--- Records for processing ---

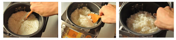 一般的電飯煲在蒸好后會自動跳轉保溫。但是在保溫前很關鍵的一步不能省略,那就是“攪拌”。煮好米飯后,打開鍋蓋用飯鏟將米飯快速而充分地打散,把熱氣放出后再保溫。一方面米粒迅速冷卻,可以保持韌性,吃起來會有嚼勁,看起來也會是一粒一粒的。同時盡量減少米飯與鍋底的接觸面,保溫后不至于影響最底部米飯的口感。
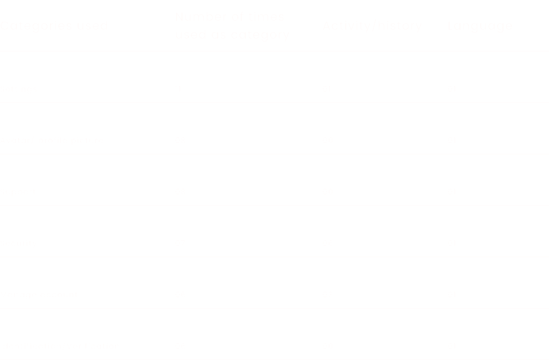 使用されたカテゴリ
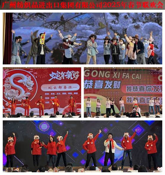 會議在歡樂的氛圍中進行最后一項議程——紡出公司春節(jié)文藝表演。節(jié)目以紡出公司領(lǐng)導班子帶領(lǐng)的《“我”的成長史》拉開序幕;《蛇么都要漲》以“三句半”的形式引起一片歡聲笑語;創(chuàng)意舞蹈秀《多財多億賀新春》把現(xiàn)場氣氛推向高潮;《漫步蛇年富貴平安》用歌聲表達了對新年的期許與美好祝福。
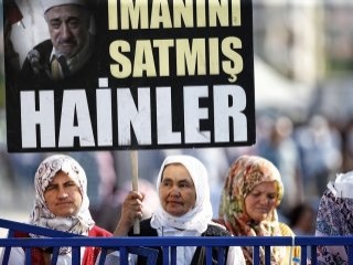 "Asımın nesli darbecileri yendi", FETÖ'cü hainlere en ağır ceza verilsin", "İmanını satmış hainler" ve "Darbe yapmak maklube yapmaya benzemez" gibi yazan dövizler taşıyan kalabalık, sık sık örgüt ve elebaşı Fetullah Gülen aleyhine slogan attı.
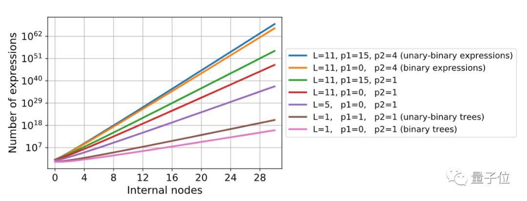 可以观察到,叶子节点和二元运算符的数量会明显影响问题空间的大小。

---

_About this task:_ If pictures appear, drop them, and retype exactly the lines from the "會議在歡樂的氛圍中進行最后一" line through the last line of the data above.

_Your response:_
 會議在歡樂的氛圍中進行最后一項議程——紡出公司春節(jié)文藝表演。節(jié)目以紡出公司領(lǐng)導班子帶領(lǐng)的《“我”的成長史》拉開序幕;《蛇么都要漲》以“三句半”的形式引起一片歡聲笑語;創(chuàng)意舞蹈秀《多財多億賀新春》把現(xiàn)場氣氛推向高潮;《漫步蛇年富貴平安》用歌聲表達了對新年的期許與美好祝福。
 "Asımın nesli darbecileri yendi", FETÖ'cü hainlere en ağır ceza verilsin", "İmanını satmış hainler" ve "Darbe yapmak maklube yapmaya benzemez" gibi yazan dövizler taşıyan kalabalık, sık sık örgüt ve elebaşı Fetullah Gülen aleyhine slogan attı.
 可以观察到,叶子节点和二元运算符的数量会明显影响问题空间的大小。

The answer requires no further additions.